Leave out the pictures and repeat every record exactly.

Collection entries

════════

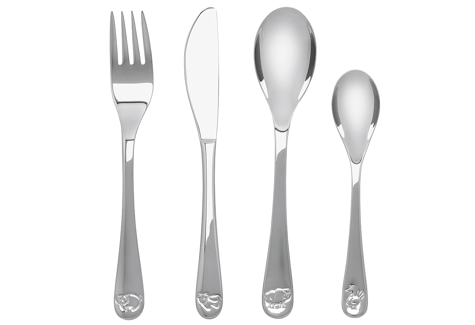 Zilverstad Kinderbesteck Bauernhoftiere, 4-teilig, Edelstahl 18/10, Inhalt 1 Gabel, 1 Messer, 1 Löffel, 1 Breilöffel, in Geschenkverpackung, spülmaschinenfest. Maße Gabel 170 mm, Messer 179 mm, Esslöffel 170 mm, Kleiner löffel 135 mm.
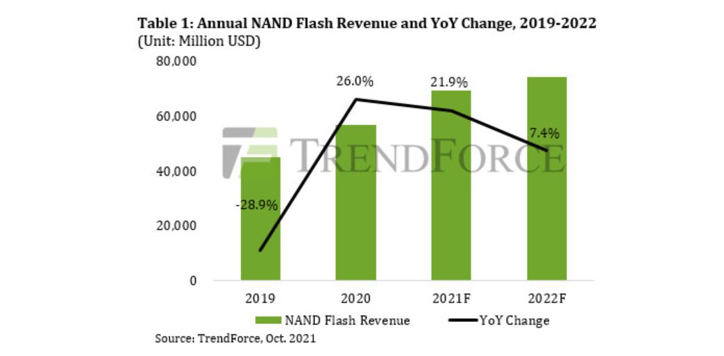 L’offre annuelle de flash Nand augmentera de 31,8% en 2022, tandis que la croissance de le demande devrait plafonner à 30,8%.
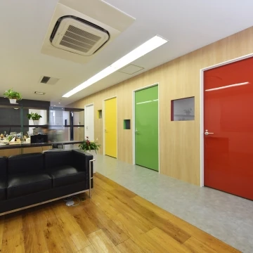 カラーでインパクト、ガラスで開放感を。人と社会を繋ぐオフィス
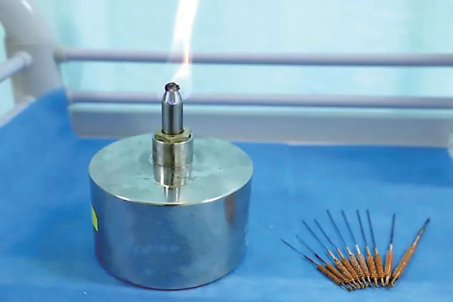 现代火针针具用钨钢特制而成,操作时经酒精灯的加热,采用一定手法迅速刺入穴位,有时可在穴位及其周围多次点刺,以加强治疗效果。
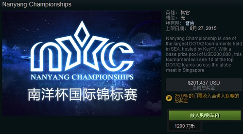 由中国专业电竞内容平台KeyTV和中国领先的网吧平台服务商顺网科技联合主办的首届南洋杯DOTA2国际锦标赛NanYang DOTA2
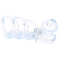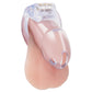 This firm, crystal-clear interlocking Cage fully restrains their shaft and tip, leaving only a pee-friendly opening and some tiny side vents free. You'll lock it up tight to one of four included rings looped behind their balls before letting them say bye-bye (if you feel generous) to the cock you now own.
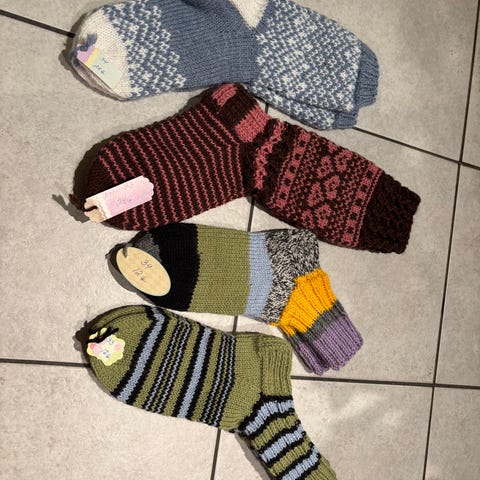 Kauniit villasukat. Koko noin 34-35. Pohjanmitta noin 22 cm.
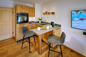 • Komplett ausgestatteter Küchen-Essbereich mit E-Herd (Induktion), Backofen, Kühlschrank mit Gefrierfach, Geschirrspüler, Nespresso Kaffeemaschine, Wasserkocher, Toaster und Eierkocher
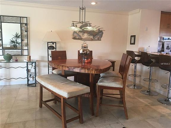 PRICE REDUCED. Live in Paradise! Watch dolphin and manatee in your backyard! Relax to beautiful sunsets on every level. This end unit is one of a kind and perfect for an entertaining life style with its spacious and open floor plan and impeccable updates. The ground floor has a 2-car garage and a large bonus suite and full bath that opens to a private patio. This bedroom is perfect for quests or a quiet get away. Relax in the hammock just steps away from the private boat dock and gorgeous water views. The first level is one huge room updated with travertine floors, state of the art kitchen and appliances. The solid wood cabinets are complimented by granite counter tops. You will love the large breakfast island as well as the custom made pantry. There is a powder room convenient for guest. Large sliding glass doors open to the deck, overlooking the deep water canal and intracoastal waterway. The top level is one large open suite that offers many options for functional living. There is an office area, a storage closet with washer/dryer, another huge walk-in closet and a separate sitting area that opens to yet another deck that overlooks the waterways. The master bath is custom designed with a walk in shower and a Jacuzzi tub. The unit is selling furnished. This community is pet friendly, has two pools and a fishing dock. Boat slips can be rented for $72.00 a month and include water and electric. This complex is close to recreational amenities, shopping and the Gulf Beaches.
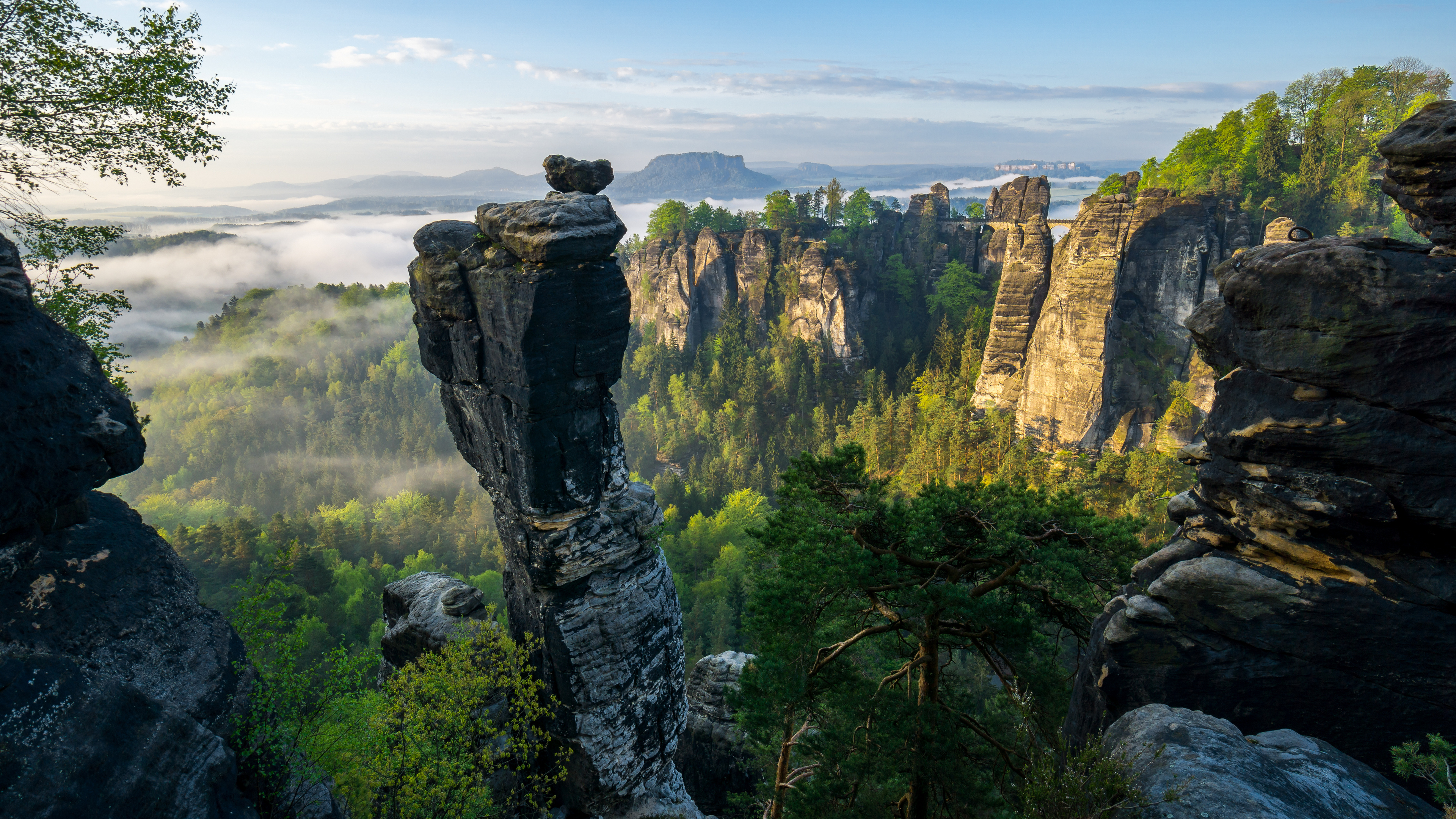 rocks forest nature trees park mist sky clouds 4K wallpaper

════════

### [Answer space]
 Zilverstad Kinderbesteck Bauernhoftiere, 4-teilig, Edelstahl 18/10, Inhalt 1 Gabel, 1 Messer, 1 Löffel, 1 Breilöffel, in Geschenkverpackung, spülmaschinenfest. Maße Gabel 170 mm, Messer 179 mm, Esslöffel 170 mm, Kleiner löffel 135 mm.
 L’offre annuelle de flash Nand augmentera de 31,8% en 2022, tandis que la croissance de le demande devrait plafonner à 30,8%.
 カラーでインパクト、ガラスで開放感を。人と社会を繋ぐオフィス
 现代火针针具用钨钢特制而成,操作时经酒精灯的加热,采用一定手法迅速刺入穴位,有时可在穴位及其周围多次点刺,以加强治疗效果。
 由中国专业电竞内容平台KeyTV和中国领先的网吧平台服务商顺网科技联合主办的首届南洋杯DOTA2国际锦标赛NanYang DOTA2
 This firm, crystal-clear interlocking Cage fully restrains their shaft and tip, leaving only a pee-friendly opening and some tiny side vents free. You'll lock it up tight to one of four included rings looped behind their balls before letting them say bye-bye (if you feel generous) to the cock you now own.
 Kauniit villasukat. Koko noin 34-35. Pohjanmitta noin 22 cm.
 • Komplett ausgestatteter Küchen-Essbereich mit E-Herd (Induktion), Backofen, Kühlschrank mit Gefrierfach, Geschirrspüler, Nespresso Kaffeemaschine, Wasserkocher, Toaster und Eierkocher
 PRICE REDUCED. Live in Paradise! Watch dolphin and manatee in your backyard! Relax to beautiful sunsets on every level. This end unit is one of a kind and perfect for an entertaining life style with its spacious and open floor plan and impeccable updates. The ground floor has a 2-car garage and a large bonus suite and full bath that opens to a private patio. This bedroom is perfect for quests or a quiet get away. Relax in the hammock just steps away from the private boat dock and gorgeous water views. The first level is one huge room updated with travertine floors, state of the art kitchen and appliances. The solid wood cabinets are complimented by granite counter tops. You will love the large breakfast island as well as the custom made pantry. There is a powder room convenient for guest. Large sliding glass doors open to the deck, overlooking the deep water canal and intracoastal waterway. The top level is one large open suite that offers many options for functional living. There is an office area, a storage closet with washer/dryer, another huge walk-in closet and a separate sitting area that opens to yet another deck that overlooks the waterways. The master bath is custom designed with a walk in shower and a Jacuzzi tub. The unit is selling furnished. This community is pet friendly, has two pools and a fishing dock. Boat slips can be rented for $72.00 a month and include water and electric. This complex is close to recreational amenities, shopping and the Gulf Beaches.
 rocks forest nature trees park mist sky clouds 4K wallpaper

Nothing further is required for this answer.